#### [Data provided]
________
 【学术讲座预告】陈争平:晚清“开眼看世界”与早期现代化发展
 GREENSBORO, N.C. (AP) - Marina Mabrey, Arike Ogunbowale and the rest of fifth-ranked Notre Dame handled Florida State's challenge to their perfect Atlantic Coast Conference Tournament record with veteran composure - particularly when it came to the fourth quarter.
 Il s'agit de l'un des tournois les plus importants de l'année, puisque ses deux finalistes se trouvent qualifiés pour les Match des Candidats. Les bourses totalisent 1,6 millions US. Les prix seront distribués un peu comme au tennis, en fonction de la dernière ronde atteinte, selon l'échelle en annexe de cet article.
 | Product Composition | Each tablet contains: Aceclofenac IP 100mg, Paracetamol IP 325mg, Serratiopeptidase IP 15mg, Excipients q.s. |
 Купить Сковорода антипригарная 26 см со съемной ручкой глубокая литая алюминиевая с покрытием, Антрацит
________
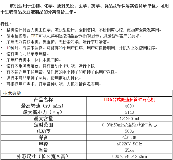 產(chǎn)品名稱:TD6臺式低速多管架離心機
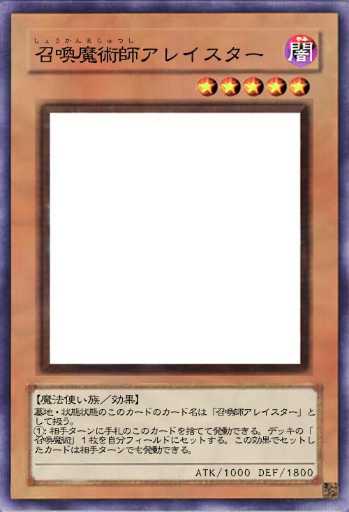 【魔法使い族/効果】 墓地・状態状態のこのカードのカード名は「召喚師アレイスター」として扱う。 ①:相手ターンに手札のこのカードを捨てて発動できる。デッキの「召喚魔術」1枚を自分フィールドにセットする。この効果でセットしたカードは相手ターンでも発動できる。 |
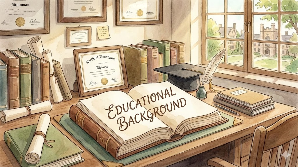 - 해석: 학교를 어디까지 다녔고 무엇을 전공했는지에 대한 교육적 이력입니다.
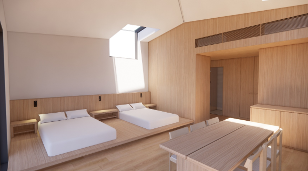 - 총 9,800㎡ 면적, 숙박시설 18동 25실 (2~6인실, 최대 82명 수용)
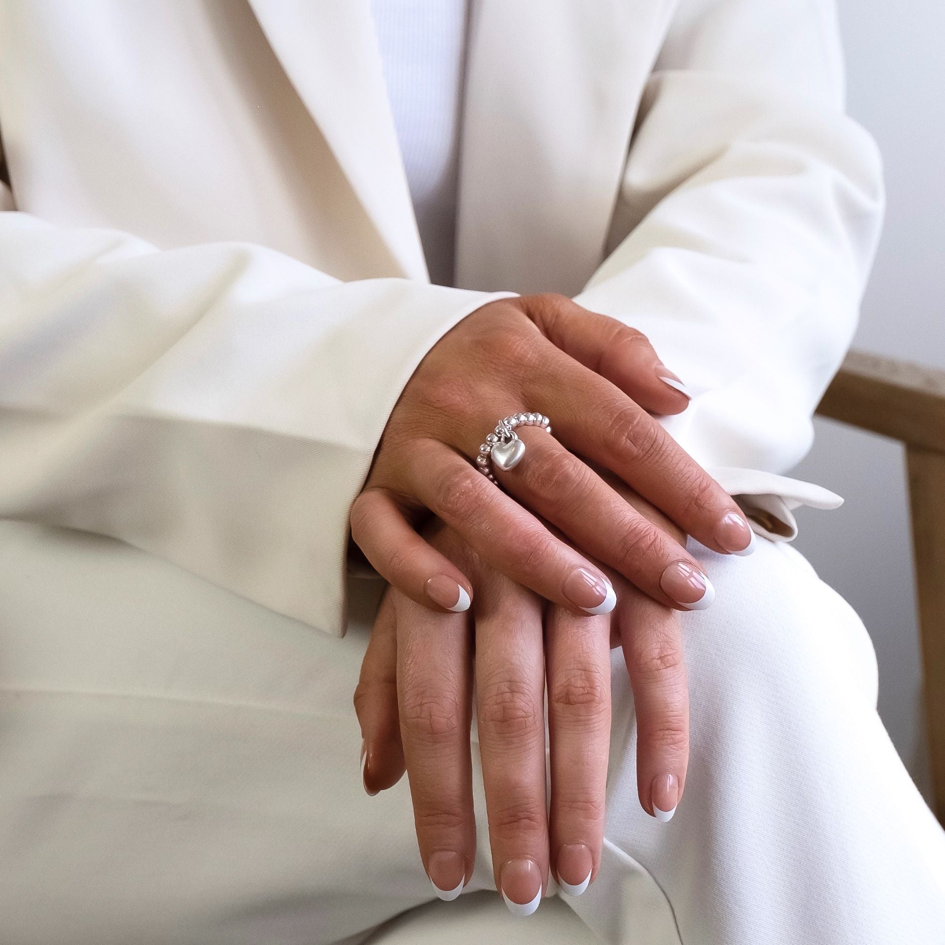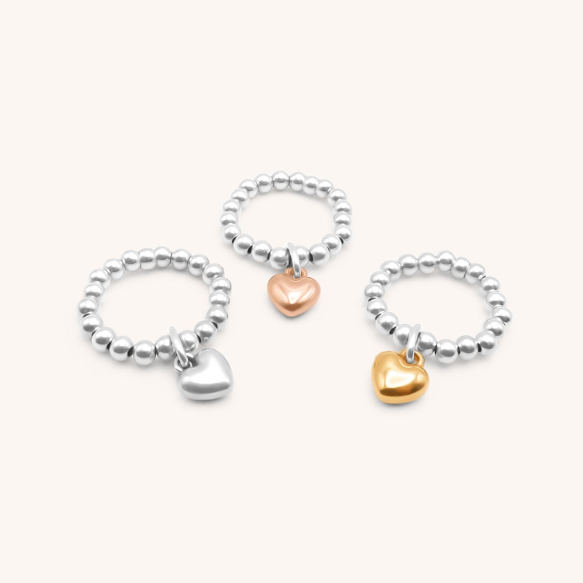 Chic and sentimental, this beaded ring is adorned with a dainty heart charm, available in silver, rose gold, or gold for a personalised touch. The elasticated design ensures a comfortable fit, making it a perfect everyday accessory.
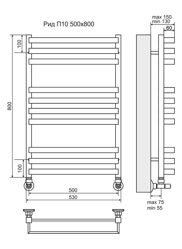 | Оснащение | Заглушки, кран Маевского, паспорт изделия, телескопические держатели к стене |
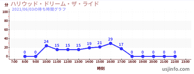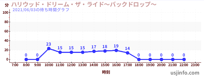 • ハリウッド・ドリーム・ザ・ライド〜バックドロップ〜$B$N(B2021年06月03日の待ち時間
________
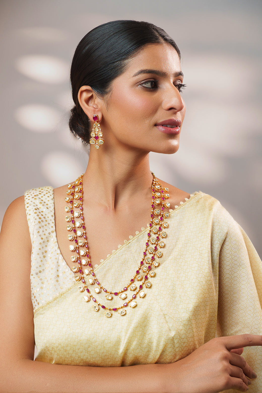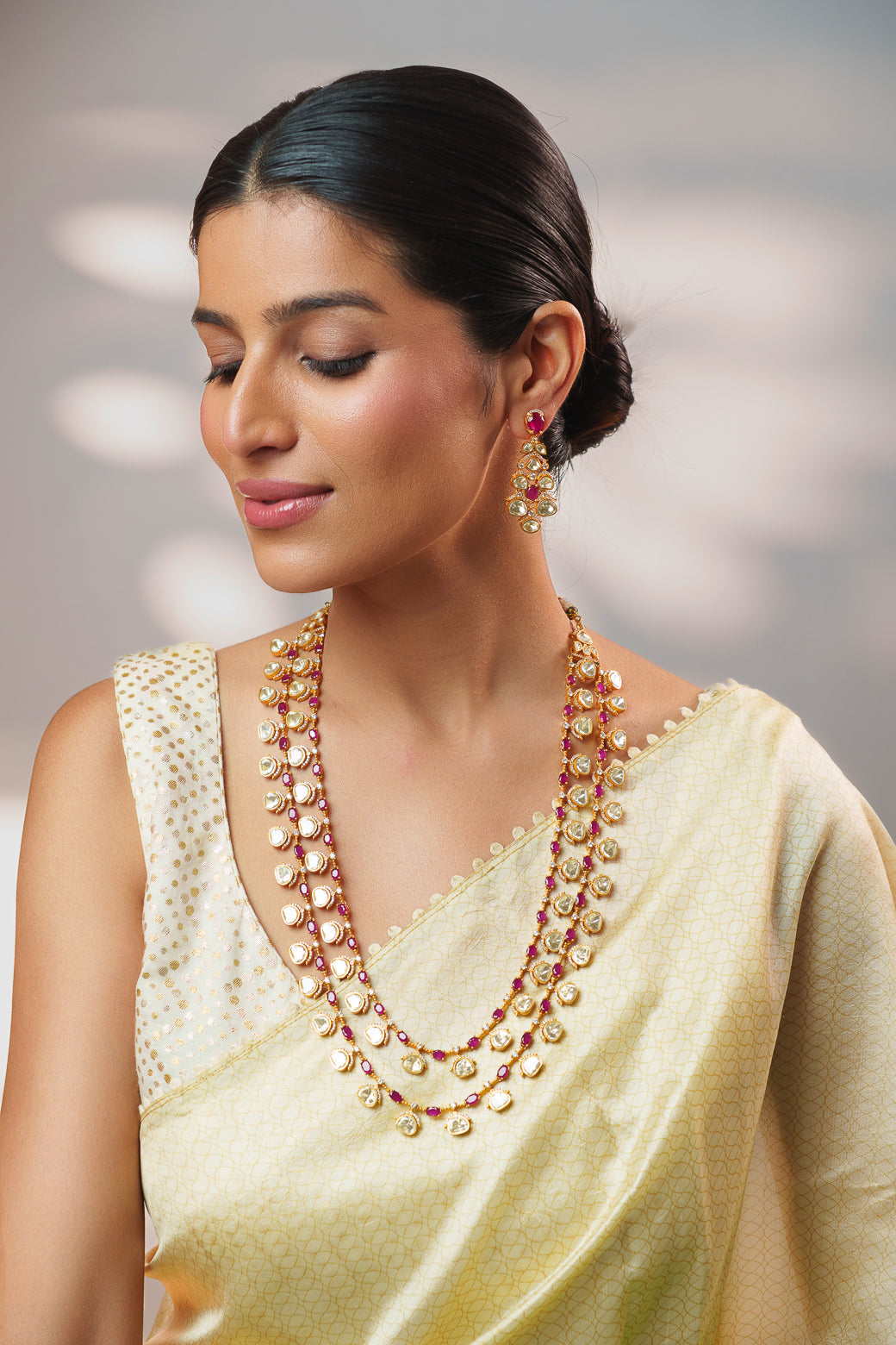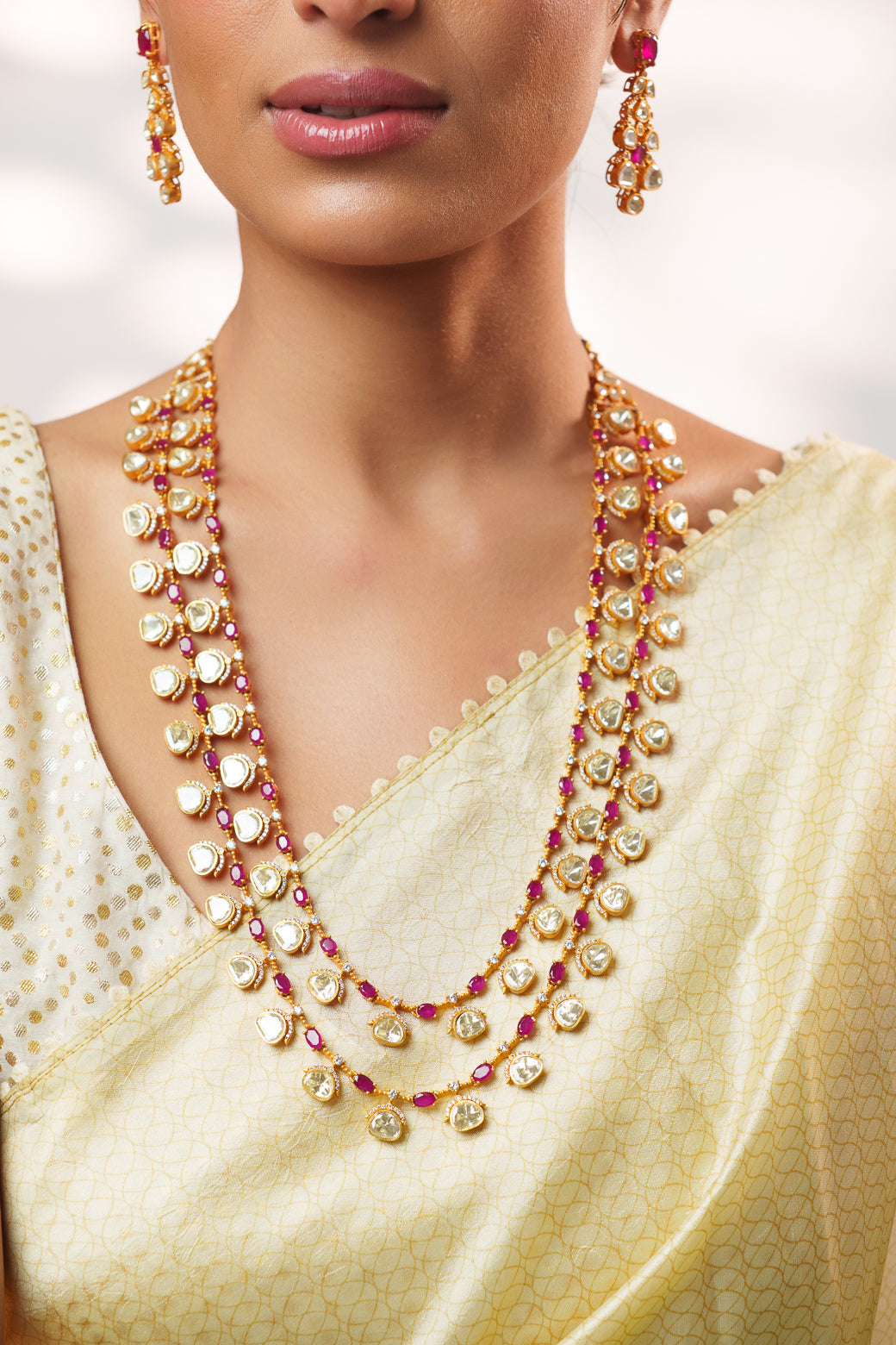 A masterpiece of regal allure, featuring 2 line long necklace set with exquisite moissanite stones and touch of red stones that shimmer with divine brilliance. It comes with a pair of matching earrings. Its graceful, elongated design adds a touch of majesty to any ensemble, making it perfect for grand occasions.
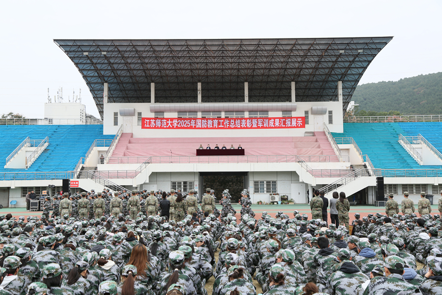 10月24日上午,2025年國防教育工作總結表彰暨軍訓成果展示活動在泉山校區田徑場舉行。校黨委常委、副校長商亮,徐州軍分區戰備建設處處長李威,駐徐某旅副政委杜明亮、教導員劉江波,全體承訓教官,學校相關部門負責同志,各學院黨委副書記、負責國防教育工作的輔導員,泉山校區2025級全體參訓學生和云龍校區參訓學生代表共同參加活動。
________
#### [Problem requirements]
The line holding "產(chǎn)品名稱:TD6臺式低速多管架離心機" starts the copy and the line holding "Chic and sentimental, this" ends it. Repeat those two lines above and all between them exactly, leaving out pictures.

#### [Your response]
 產(chǎn)品名稱:TD6臺式低速多管架離心機
 【魔法使い族/効果】 墓地・状態状態のこのカードのカード名は「召喚師アレイスター」として扱う。 ①:相手ターンに手札のこのカードを捨てて発動できる。デッキの「召喚魔術」1枚を自分フィールドにセットする。この効果でセットしたカードは相手ターンでも発動できる。 |
 - 해석: 학교를 어디까지 다녔고 무엇을 전공했는지에 대한 교육적 이력입니다.
 - 총 9,800㎡ 면적, 숙박시설 18동 25실 (2~6인실, 최대 82명 수용)
 Chic and sentimental, this beaded ring is adorned with a dainty heart charm, available in silver, rose gold, or gold for a personalised touch. The elasticated design ensures a comfortable fit, making it a perfect everyday accessory.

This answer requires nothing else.